Entschuldigend sehe ich sie an und erkläre, dass Theo leider nicht kann, weil er gerade schon Besuch hat. "Von seinem Bruder?", fragt Anna mit noch größeren Augen, denn Ed ist (zu ziemlich guten Grund, wenn man ihn mal aus den Augen eines kleinen Mädchens sieht) schon seit einiger Zeit Material ihrer Albträume. Oder zumindest hat sie größten Respekt vor ihm, selbst wenn ich ihr schon oft erklärt habe, dass sie keine Angst vor ihm haben muss, weil er unser 'Freund' sei.

Ich schüttele den Kopf und sage: "Besuch von einer Freundin." Sehr bewusst erzähle ich nichts von Leni, denn sonst würde sie nur verlangen, dass beide mitkommen. Neben Theo hat sie nämlich auch an Lena einen unglaublichen Narren gefressen. Enttäuscht guckt Anna nach unten auf den Boden, dann greift sie nach meiner Hand und sagt: "Nicht so schlimm!

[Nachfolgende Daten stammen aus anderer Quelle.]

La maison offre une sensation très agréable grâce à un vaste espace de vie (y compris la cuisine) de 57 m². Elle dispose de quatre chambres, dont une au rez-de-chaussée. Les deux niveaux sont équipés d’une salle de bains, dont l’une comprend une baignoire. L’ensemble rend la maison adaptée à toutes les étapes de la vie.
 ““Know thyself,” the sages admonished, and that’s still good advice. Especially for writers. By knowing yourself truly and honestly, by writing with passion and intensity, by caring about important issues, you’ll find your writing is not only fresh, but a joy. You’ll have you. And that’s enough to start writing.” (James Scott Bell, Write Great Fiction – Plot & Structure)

Ich hab ja dich!" Sie zieht mich ungeduldig in Richtung S-Bahn Haltestelle, denn sie weiß schon, dass wir ein paar Haltestellen mit der Bahn zur Kirmes fahren müssen.

Auf der Fahrt sitzt sie hibbelig auf der Stuhlkante neben mir und sieht aus dem Fenster. Immer wieder macht sie mich auf Leute oder Häuser oder Werbeschilder aufmerksam und wenn gerade nichts Spannendes am Fenster vorbeizieht, dann erzählt mir die kleine Quasselstrippe von dem kandierten Apfel und der Zuckerwatte, die sie essen möchte. Und vom Entchen Angeln und den Lichtern und vom Karussell und vom Autoscooter. Vor ein paar Wochen waren Nicole und Sarah mit ihr auf der Kirmes, als diese eröffnet wurde, es ist also kein völlig neues Erlebnis für Anna, aber aufgeregt ist sie trotzdem.

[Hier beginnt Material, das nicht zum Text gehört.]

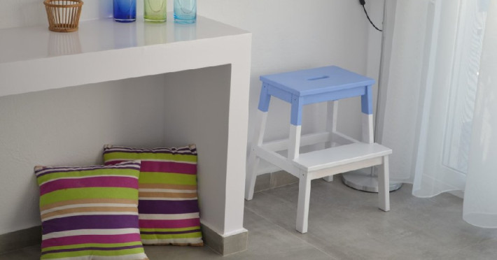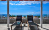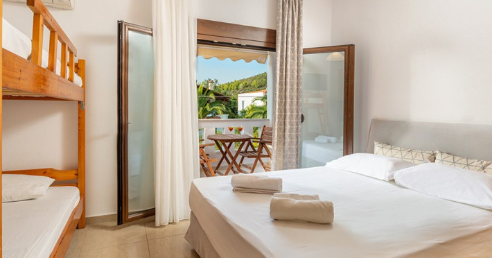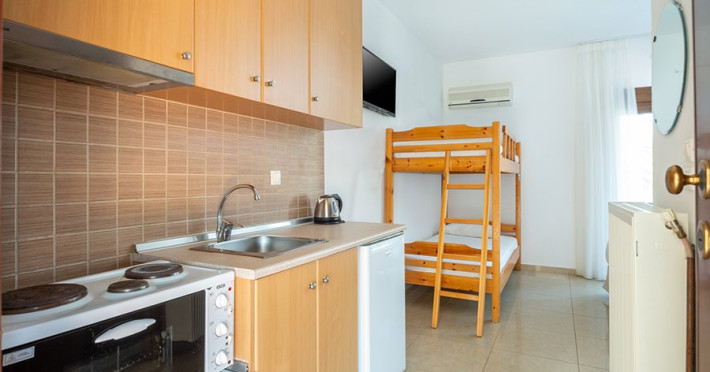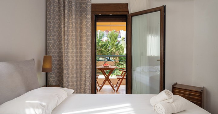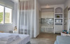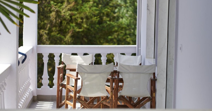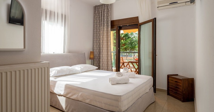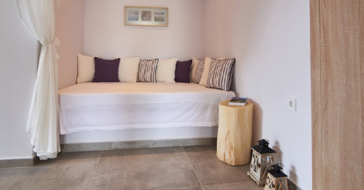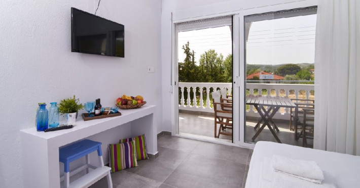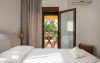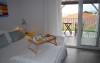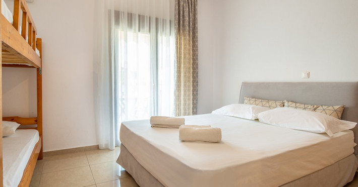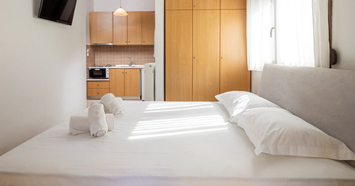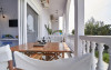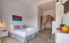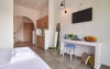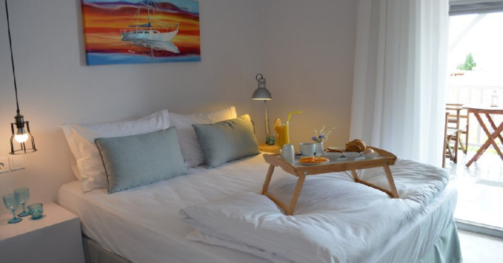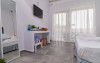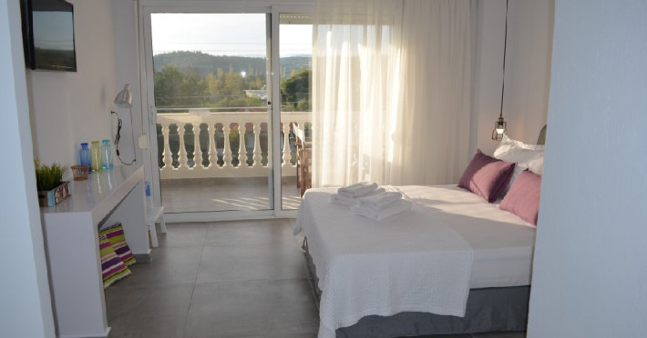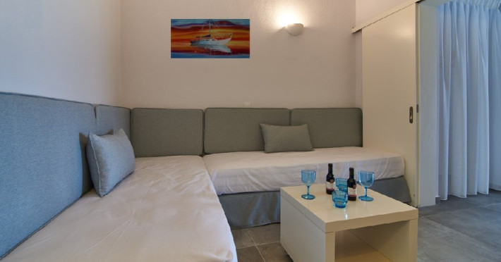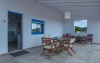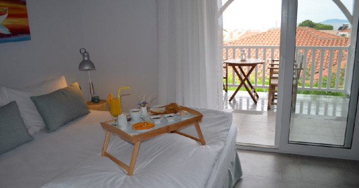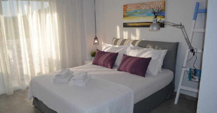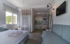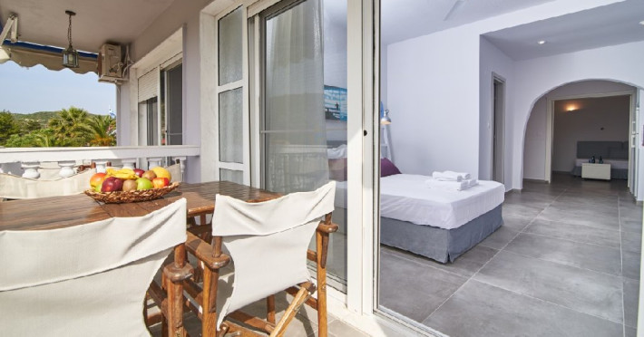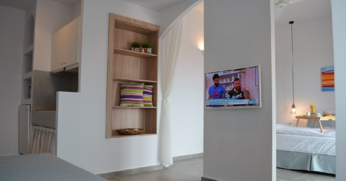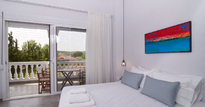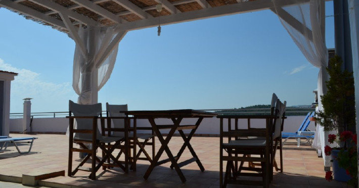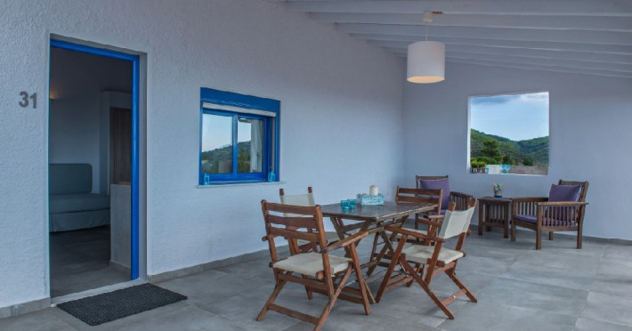 Top floor Junior Suite: 22 m2, etaj 3: dormitor cu pat matrimonial, living micut cu canapea extensibila, terasa (cu gratar) de 50 m2 dotata cu sezlonguri pentru momente unice si vedere la apusul panoramic din marea Egee.

An der richtigen Haltestelle ausgestiegen sind es nur noch ein paar Meter bis zur Kirmes und Anna läuft an meiner Hand im Hopseschritt und überlegt laut, wo sie zuerst hingehen möchte. Die Lichter und der Lärm, die schreienden Kinder und die laute Musik schallen uns schon von Weitem entgegen und mir wird schnell klar, dass wirklich viel los ist. So voll ist diese eher kleinere lokale Kirmes eher selten, aber kein Wunder an einem Sonntagnachmittag bei strahlendem Sonnenschein.

Anna zieht mich strahlend von einer Bude zur nächsten, Entchen Angeln, die Wilde Maus, Süßigkeiten. Bereits nach einer knappen Stunde bin ich ziemlich erschöpft und unsere Bäuche sind vollgestopft mit Süßkram. Das Kirmesgeld, das Nicole und Sarah uns mitgegeben haben, ist fast aufgebraucht, da zeigt Anna begeistert auf ein Kind, dass uns entgegenkommt.

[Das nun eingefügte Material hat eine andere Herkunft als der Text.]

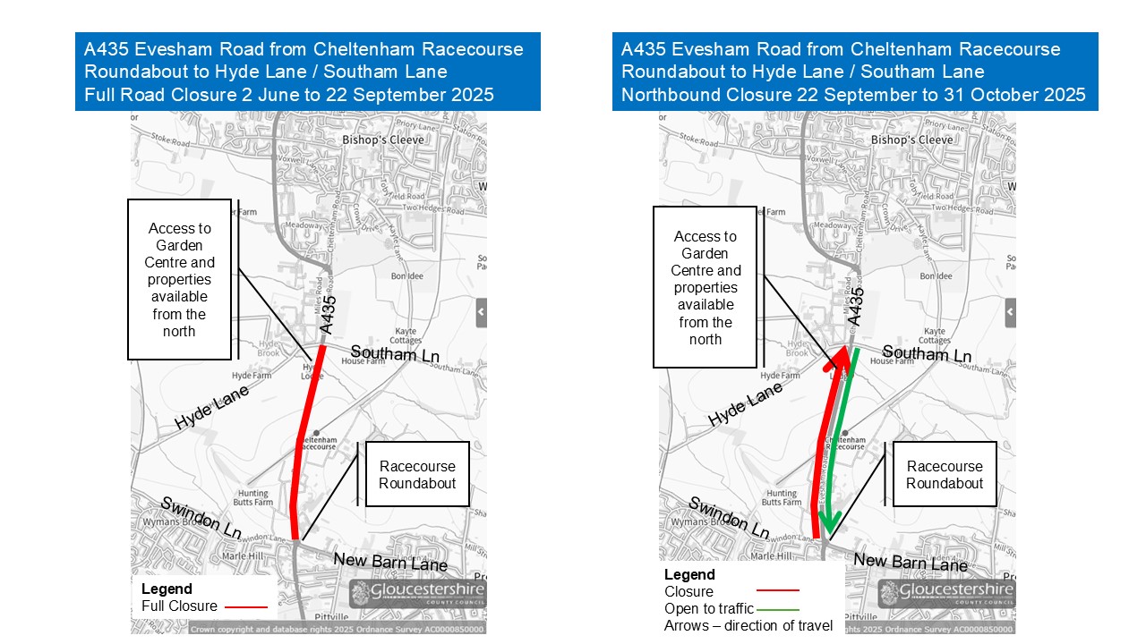 Full road closure in both directions - 2 June to 22 September 2025 (extended by two weeks in late August 2025): The A435 Evesham Road will be fully closed in both directions between the Cheltenham Racecourse roundabout and the Hyde Lane/Southam Lane junction. This full closure will allow the road over the bridge to be re-aligned to the west side of the bridge, in order to accommodate a two-way road and a new shared use cycleway and footway with protection buffer zone. Bridge strengthening and safety work is also being carried out as part of the changes. The full closure provides the required working space, will prevent damage to the structure of the bridge and protects the safety of construction workers and the public.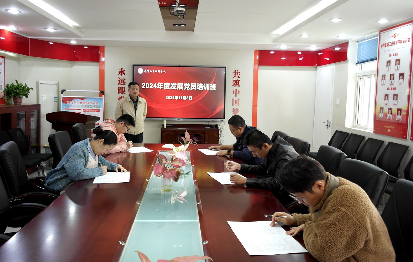 为深入学习贯彻党的二十大精神,做好年度发展党员工作,帮助入党积极分子深入理解党的基本路线、方针、政策和优良传统作风,11月8日,阜阳工业经济学校举办入党积极分子培训班,各党支部入党积极分子参加培训。

"Wow! Ein Tiger!", spricht sie in heller Freude von dem bemalten Gesicht des Jungen und sieht mich dann bettelnd an, "ich will auch, Basti! Bitteeeee!"

"Zuerst einmal heißt das ich möchte und nicht ich will", belehre ich sie, nicke dann aber und sage, dass wir dazu nur den Stand der Künstlerin finden müssen. Das hat sich schnell erledigt und im Nu stehen wir in einer langen Schlange aus ungeduldigen Kindern. "Das dauert ja ewiiig!", quengelt Anna und ich schenke ihr ein gutmütiges Lächeln. "Na du musst dir ja auch erstmal gut überlegen, was du überhaupt ins Gesicht gemalt haben möchtest."